_Recorded information_:
========================================================================

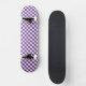 This quality made skateboard is shown in a purple and white checkered print.
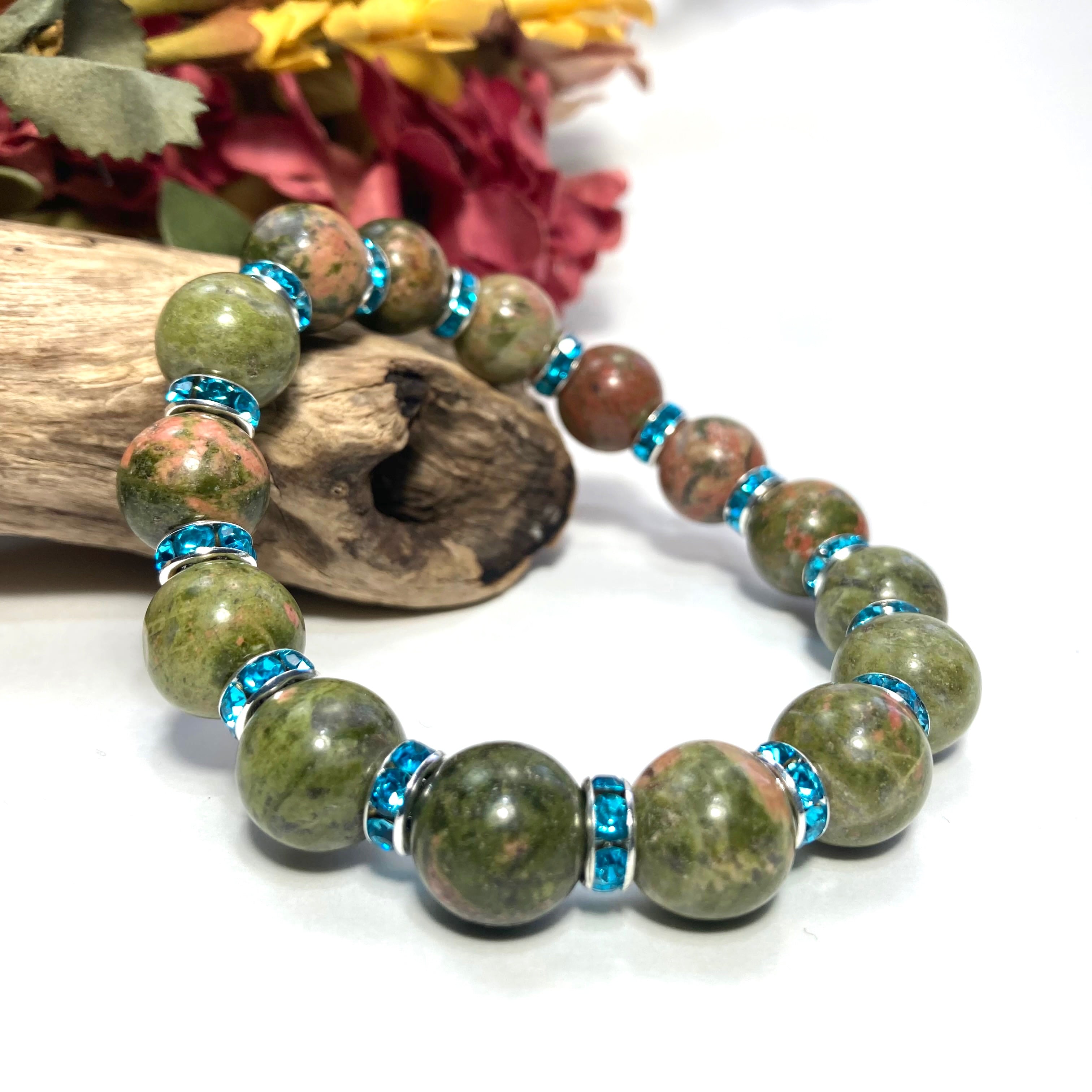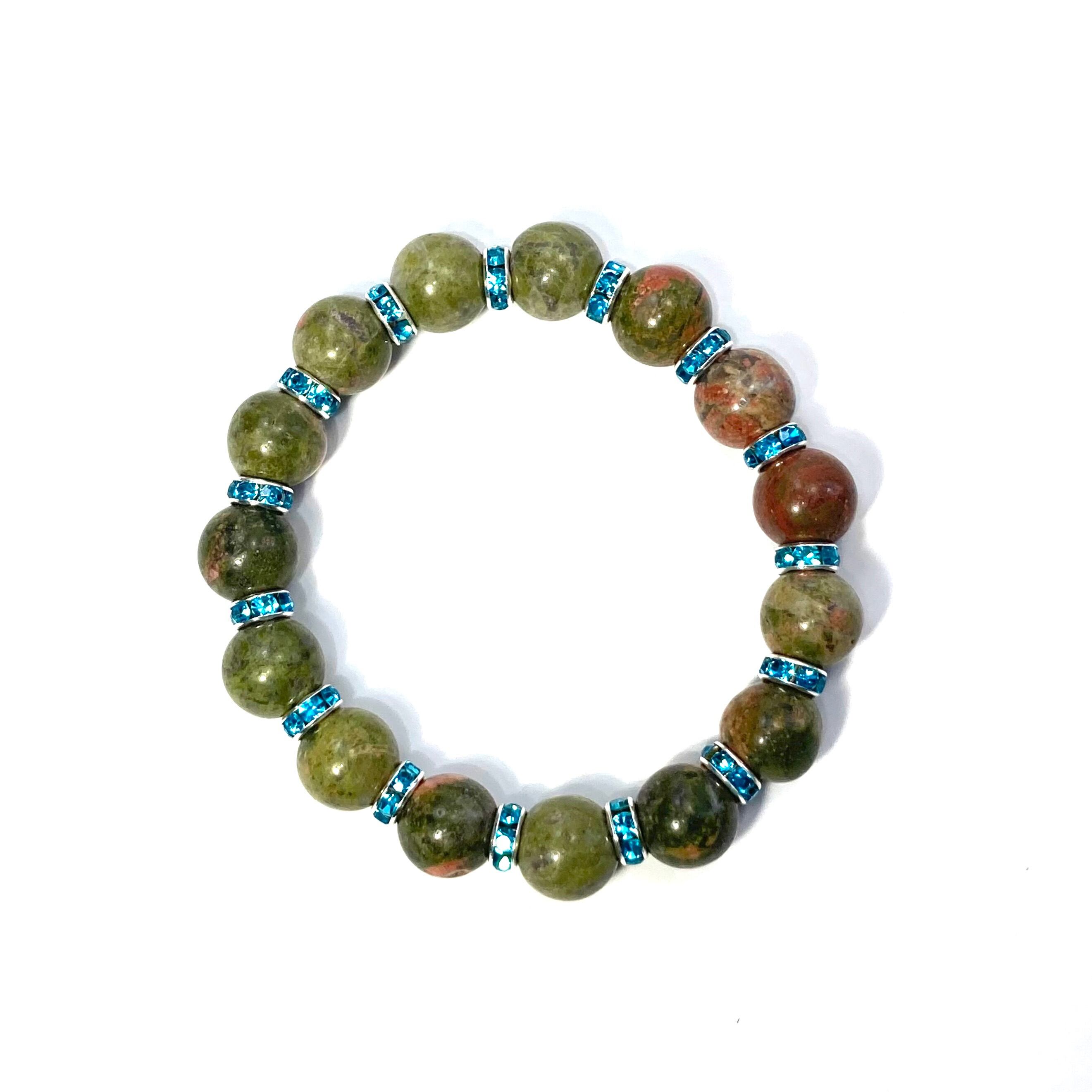 こちらは、12mm玉のユナカイトを使用した天然石ブレスレットです。石との間にはロンデルを挟み高級感を演出しています。シンプルなデザインですのでどんなコーディネートとも合わせ易いブレスレットです。石大きさは12mm玉です。内周約18cmです。気になる方は是非この機会にどうぞ。
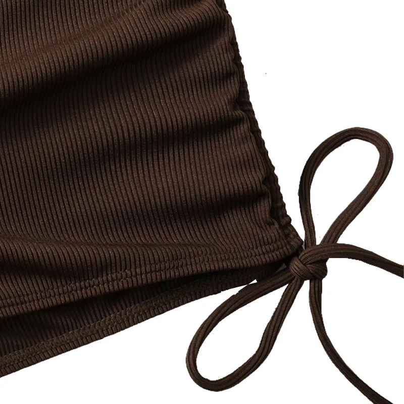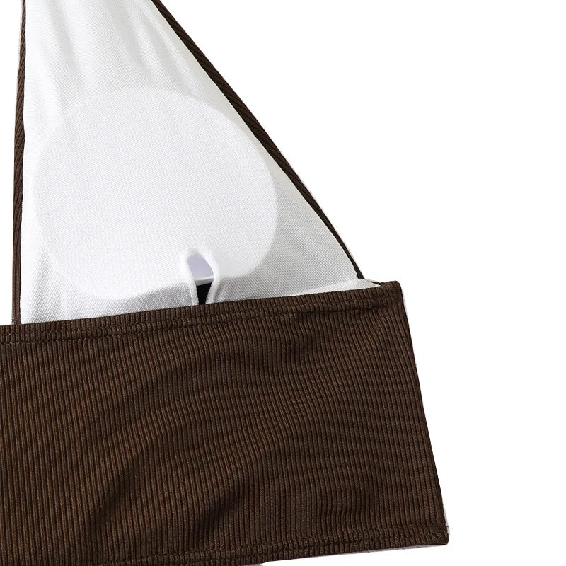 Bikini sexy de cintura alta para mujer, traje de baño de dos piezas, conjunto de bikini brasileño marrón, 2024

========================================================================

_Exercise aim_: A word-for-word restatement of all the lines above is needed, with the pictures omitted.

_Result_:
 This quality made skateboard is shown in a purple and white checkered print.
 こちらは、12mm玉のユナカイトを使用した天然石ブレスレットです。石との間にはロンデルを挟み高級感を演出しています。シンプルなデザインですのでどんなコーディネートとも合わせ易いブレスレットです。石大きさは12mm玉です。内周約18cmです。気になる方は是非この機会にどうぞ。
 Bikini sexy de cintura alta para mujer, traje de baño de dos piezas, conjunto de bikini brasileño marrón, 2024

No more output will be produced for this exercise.